= PureXML =

pureXML is the native XML storage feature in the IBM Db2 data server. pureXML provides query languages, storage technologies, indexing technologies, and other features to support XML data. The word pure in pureXML was chosen to indicate that Db2 natively stores and natively processes XML data in its inherent hierarchical structure, as opposed to treating XML data as plain text or converting it into a relational format.

== Technical information ==
Db2 includes two distinct storage mechanisms: one for efficiently managing traditional SQL data types, and another for managing XML data. The underlying storage mechanism is transparent to users and applications; they simply use SQL (including SQL with XML extensions or SQL/XML) or XQuery to work with the data.

XML data is stored in columns of Db2 tables that have the XML data type. XML data is stored in a parsed format that reflects the hierarchical nature of the original XML data. As such, pureXML uses trees and nodes as its model for storing and processing XML data. If you instruct Db2 to validate XML data against an XML schema prior to storage, Db2 annotates all nodes in the XML hierarchy with information about the schema types; otherwise, it will annotate the nodes with default type information. Upon storage, Db2 preserves the internal structure of XML data, converting its tag names and other information into integer values. Doing so helps conserve disk space and also improves the performance of queries that use navigational expressions. However, users aren't aware of this internal representation. Finally, Db2 automatically splits XML nodes across multiple database pages, as needed.
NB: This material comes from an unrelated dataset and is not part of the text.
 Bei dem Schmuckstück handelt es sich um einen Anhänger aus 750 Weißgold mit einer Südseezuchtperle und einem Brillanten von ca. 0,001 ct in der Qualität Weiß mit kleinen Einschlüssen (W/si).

XML schemas specify which XML elements are valid, in what order these elements should appear in XML data, which XML data types are associated with each element, and so on. pureXML allows you to validate the cells in a column of XML data against no schema, one schema, or multiple schemas. pureXML also provides tools to support evolving XML schemas.
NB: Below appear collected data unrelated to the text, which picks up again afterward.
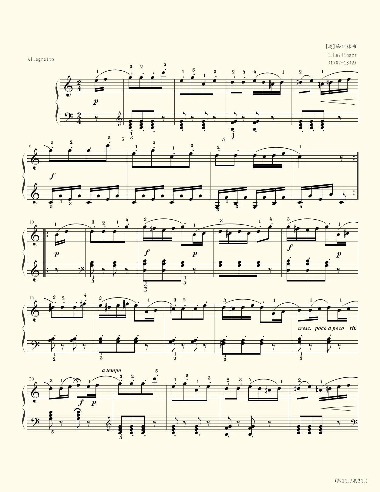40.第二级(规定曲目A组)C大调小奏鸣曲-中国音乐学院钢琴考级全国通用教材(第二套)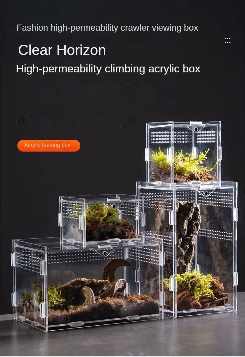Reptile Feeding Box Acrylic Display Receptacle 95% High Light Transmission Tarantula Enclosure Scorpion Bearded Dragon Habitat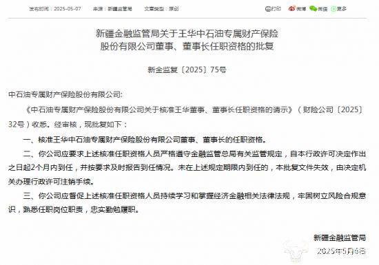 近日,运营商财经网从国家金融监督管理总局新疆监管局官网获悉,王华任中石油专属财产保险股份有限公司(简称中石油专属财险)董事长。下面,运营商财经网试图揭秘这个人。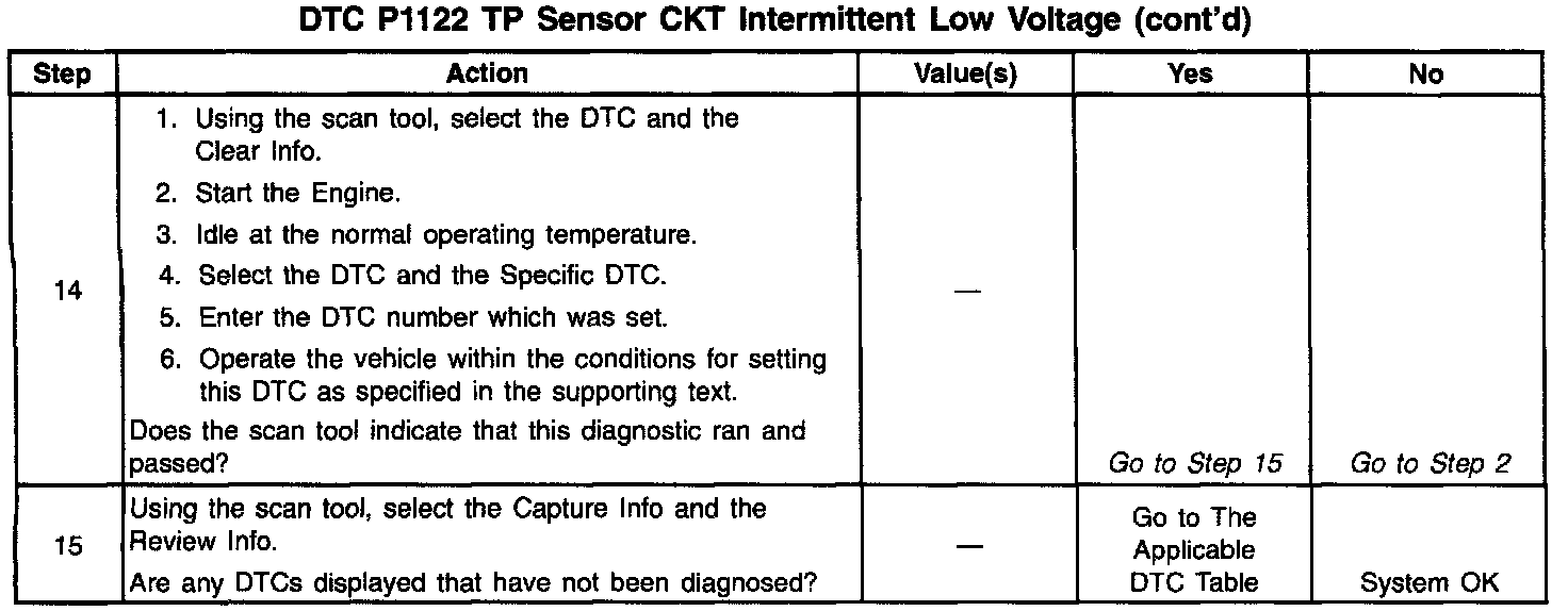 An open or short to ground in the 5 volt reference circuit or the TP sensor signal circuit results in a DTC P0122.

IBM has enhanced its programming language interfaces to support access to its XML data. These enhancements span Java (JDBC), C (embedded SQL and call-level interface), COBOL (embedded SQL), PHP, and Microsoft's .NET Framework (through the DB2.NET provider).

== History ==
pureXML was first included in the DB2 9 for Linux, Unix, and Microsoft Windows release, which was codenamed Viper, in June 2006. It was available on DB2 9 for z/OS in March 2007. In October 2007, IBM released DB2 9.5 with improved XML data transaction performance and improved storage savings. In June 2009, IBM released DB2 9.7 with XML supported for database-partitioned, range-partitioned, and multi-dimensionally clustered tables as well as compression of XML data and indices.

== Competition ==

Db2 is a hybrid data server—it offers data management for traditional relational data, as well as providing native XML data management. Other vendors that offer data management for both relational data and native XML storage include Oracle with its 11g product and Microsoft with its SQL Server product.
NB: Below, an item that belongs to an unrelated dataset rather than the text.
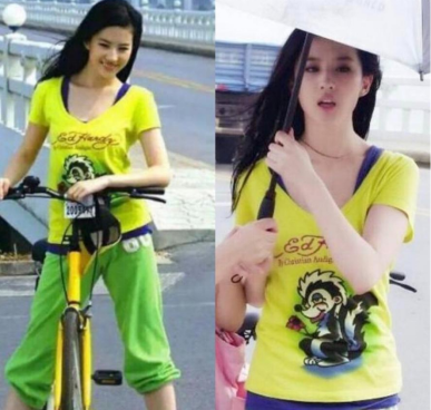 现在街上估计已经看不见这种衣服了,黄色的T恤,绿色的休闲裤,没想到这样“精神小妹”的风格,刘亦菲穿上还是美的。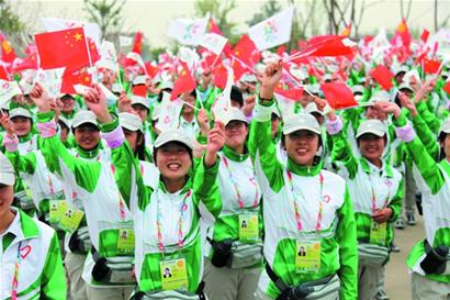 ????為更好地迎接2014青島世園會,營造良好的迎世園志愿服務氛圍,志愿者部陸續(xù)開展了群眾性迎世園活動,其中志愿信使團活動邀請了奧運冠軍孫楊、焦劉洋,雪龍?zhí)柨瓶既藛T等各界熱心人士成為世園會“志愿信使”,將青島舉辦2014世園會的消息傳遞到世界各地;“迎世園-我的世園志愿暢想”活動陸續(xù)走進全市中小學及有關行業(yè),廣泛征集了社會各界對世園會及志愿者工作的美好寄語;前期先后邀請了世園會形象大使郭川、姜馨田、黃渤等人拍攝志愿者公益宣傳片,播放后取得了良好社會反響。

pureXML also competes with native XML databases like BaseX, eXist, MarkLogic or Sedna.

== Books ==
IBM International Technical Support Organization (ITSO) has published the following books, which are available in print or as free e-books:
- DB2 9: pureXML Overview and Fast Start
- DB2 9 pureXML Guide

The following books are also available for purchase:
- DB2 pureXML Cookbook: Master the Power of IBM Hybrid Data Server

== Education and training ==
The following pureXML classroom and online courses are available from IBM Education:
- Query and Manage XML Data with DB2 9. IBM course CG130. Classroom. Duration: 4 days.
- Query XML Data with DB2 9. IBM course CG100. Classroom. Duration: 2 days (first 2 days of CG130).
- Managing XML Data in DB2 9. IBM course CG160. Classroom. Duration: 2 days (last 2 days of CG130).
- DB2 pureXML. IBM Course CT140. Self-paced study plus Live Virtual Classroom.